I was very troubled by the experience I had with the group. I left with the concern that most of the people I just spoke with will most likely continue to be in the 90-95% failure group.  Their lives and health will be negatively affected by weight gain and they will feel frustration and angst with yo-yo dieting and cyclic weight gain, while at the same time looking forward to the next high calorie meal.

Is it wrong for me feel my own angst knowing that people are going through these experiences?  Do I need to learn more professional detachment?  I think I could benefit from learning to cope with my own feelings more effectively, but it may be just as hard for me to not feel for people as it is for people to overcome overeating.  It's hard for anyone to overcome their natural tendencies.

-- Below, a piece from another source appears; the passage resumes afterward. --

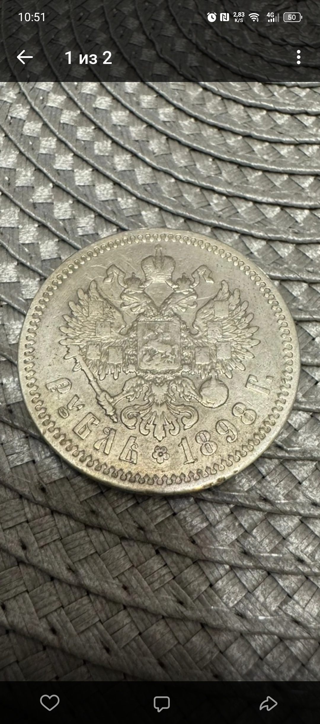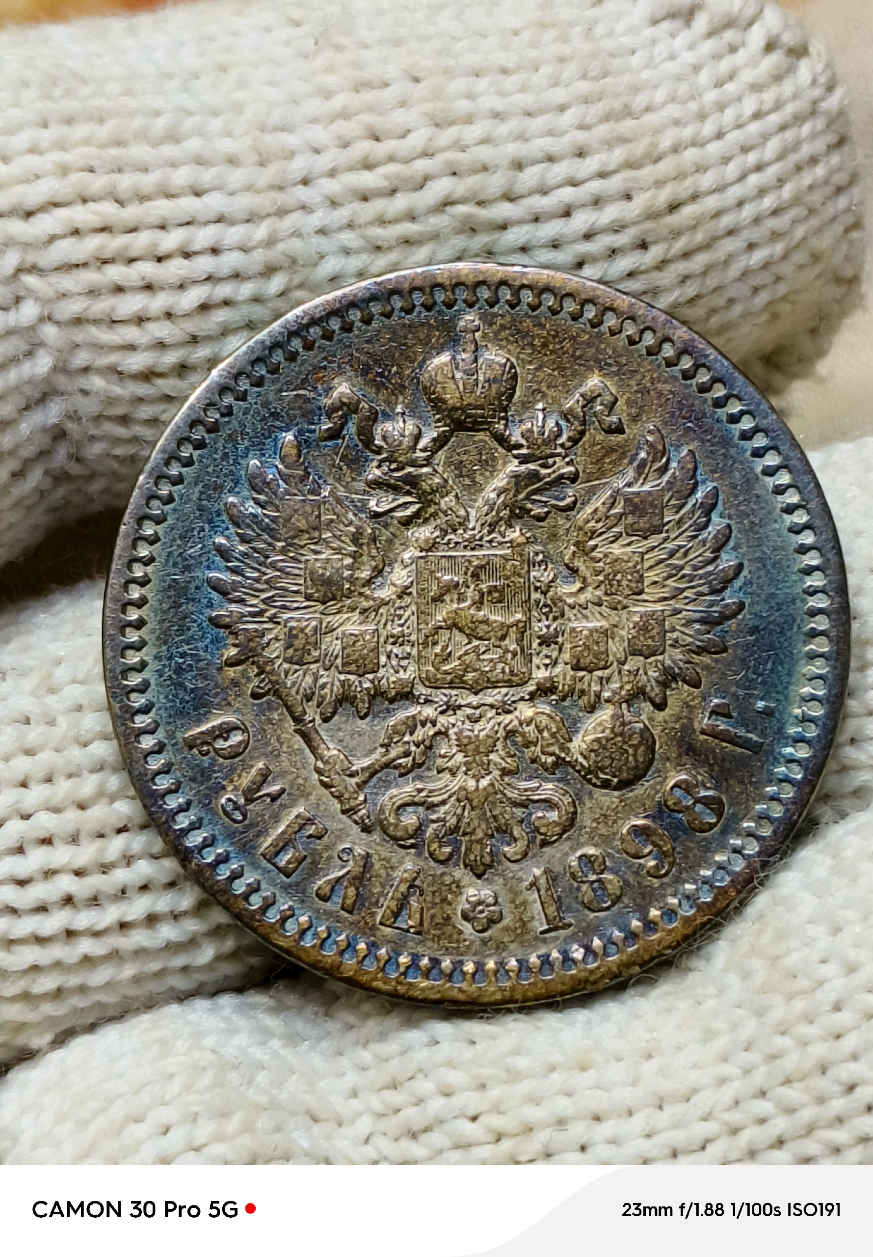 Серебряный рубль 1898 года, отчеканенный в период правления императора Николая II. Монета имеет стандартные параметры для данного типа: вес 20 г, диаметр 33.65 мм, 900-я проба серебра. Подавляющее большинство комментаторов в сообществе признали её оригиналом, отметив лишь неидеальную патину.
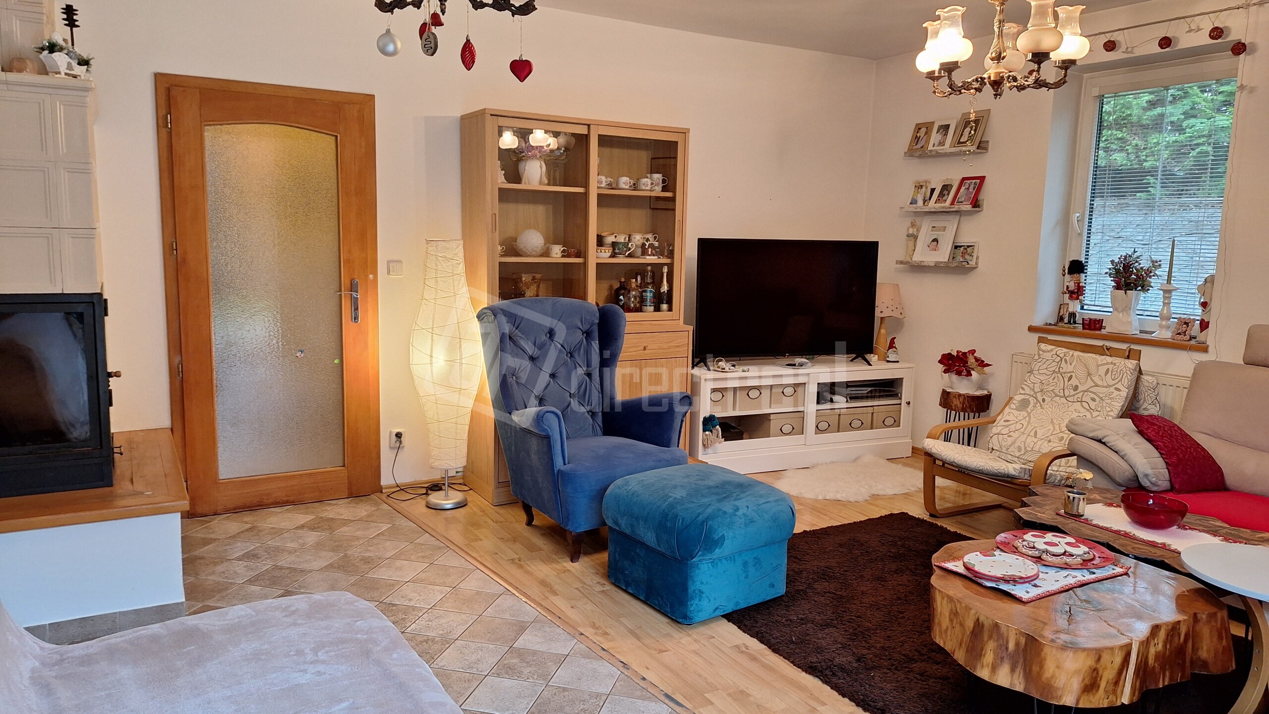 V obývačke sa nachádza krb na tuhé palivo.

I've always felt pretty awful after experiences like this and have lost sleep many a time after being told where to go when having a conversation about healthy choices.  It isn't that I feel personal rejection that much.  What I feel is despair for those who refute that which will surly improve their lives.  No, I don't believe that people have to live the way I say, for me it's more matter of fact.  Being overweight increases risk of disease.  It's harder to breath.  More difficult to get a good nights sleep.  Poor nutrition and lack of exercise reduce quality of life.. whatever a person likes doing they will be able to do it better, and do more of it for more of their lives if they are healthy and fit.

Even though most don't like to hear the truth about overeating and weight gain, and even though I would stand make a lot more money by selling fad diets and exercise plans, not telling the truth about weight loss in my mind is worse.  I'm not going to commit demagoguery and tell people what they want to hear. I can't live with that either.

So to hell with my headline.  I'm going to tell the truth about weight loss.

Eating too much is the only way to gain fat, but there are many things that drive appetite leading a person to overeat including social habituation, poor sleep, peer pressure, hormonal changes, some medications, eating large meals, yo-yo dieting.. All paths lead to overeating.

The only way to lose weight is to eat less.  Consuming fewer calories than expended.  Exercise helps expend energy and can prevent bone, muscle, and water loss that can occur when cutting calories without exercise.

And above all, the most important things to work on are how we think and feel about ourselves, food choices, and healthy VS unhealthy choices. It's making these difficult but rewarding internal changes that allow for permanent changes in our habits and behaviours.  It really isn't a bad thing to gain a realistic non-judgmental perspective of why overeating is done.  It's a good thing.  It's liberating. It's healthy.